Whilst not the first book on population, "An Essay on the Principle of Population"is acknowledged as the most influential. First published anonymously in 1798, the author was soon identified as the Reverend Thomas Robert Malthus.
In 1803, Malthus published a major revision to his first edition, as the same title second edition; his final version, the 6th edition, was published in 1826. The excerpt below is from the sixth edition: even in this last edition, he still blames the poor and "court the return of the plague" on them.
- Excerpt from Book IV, Chapter V
6th edition, 1826. Library of Economics and Liberty. Free online, full-text searchable.
By Thomas Malthus:
"It is an evident truth that, whatever may be the rate of increase in the means of subsistence, the increase of population must be limited by it, at least after the food has once been divided into the smallest shares that will support life. All the children born, beyond what would be required to keep up the population to this level, must necessarily perish, unless room be made for them by the deaths of grown persons. ... To act consistently therefore, we should facilitate, instead of foolishly and vainly endeavouring to impede, the operations of nature in producing this mortality; and if we dread the too frequent visitation of the horrid form of famine, we should sedulously encourage the other forms of destruction, which we compel nature to use.

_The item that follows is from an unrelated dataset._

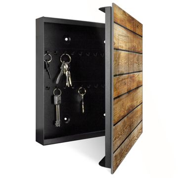 Bringe Ordnung und Eleganz in deinen Eingangsbereich mit dem banjado Schlüsselkasten Motiv Motiv Holzbretter. Die moderne Schlüsselbox kombiniert funktionales Design mit hochwertiger Verarbeitung und wird so zu einem echten Hingucker in Flur, Büro oder Ferienwohnung. ✅ Stilvolle Schlüsselaufbewahrung mit Glasfront im Motiv Motiv Holzbretter Der Design-Schlüsselkasten Motiv Motiv Holzbretter bietet Platz für bis zu 50 Schlüssel, die auf 5 stabilen Reihen mit je 10 Haken übersichtlich verstaut werden. Mit seinen kompakten Maßen von 30 x 30 x 5 cm passt die Schlüsselbox perfekt auch in kleinere Räume. Der schwarz lackierte Stahlkorpus mit rechts angeschlagenem Türscharnier harmoniert mit der Glasfront und fügt sich nahtlos in jedes Wohnambiente ein. Ob als Schlüsselorganizer für Zuhause oder als praktische Lösung für Büros, Praxen und Gewerbe, der banjado Schlüsselkasten sorgt für Ordnung und Übersicht. Dank der magnetischen, mit Kreidestiften beschreibbaren Glasfront kannst du Notizen anheften oder Termine direkt auf der Oberfläche festhalten. Die Schlüsselbox Motiv Motiv Holzbretter zur Wandmontage wird inklusive Befestigungsmaterial geliefert und ist schnell angebracht. So hast du deine Schlüssel jederzeit griffbereit und zugleich stilvoll verstaut. Mit diesem banjado Schlüsselkasten Motiv Motiv Holzbretter kombinierst du praktische Aufbewahrung mit stilvollem Wohndesign. Ob privat oder geschäftlich, die Schlüsselbox sorgt für mehr Ordnung, Übersicht und ein wohnliches Ambiente.Vorteile im Überblick

Instead of recommending cleanliness to the poor, we should encourage contrary habits. In our towns we should make the streets narrower, crowd more people into the houses, and court the return of the plague. In the country, we should build our villages near stagnant pools, and particularly encourage settlements in all marshy and unwholesome situations. But above all, we should reprobate specific remedies for ravaging diseases; and those benevolent, but much mistaken men, who have thought they were doing a service to mankind by projecting schemes for the total extirpation of particular disorders. If by these and similar means the annual mortality were increased ... we might probably every one of us marry at the age of puberty, and yet few be absolutely starved."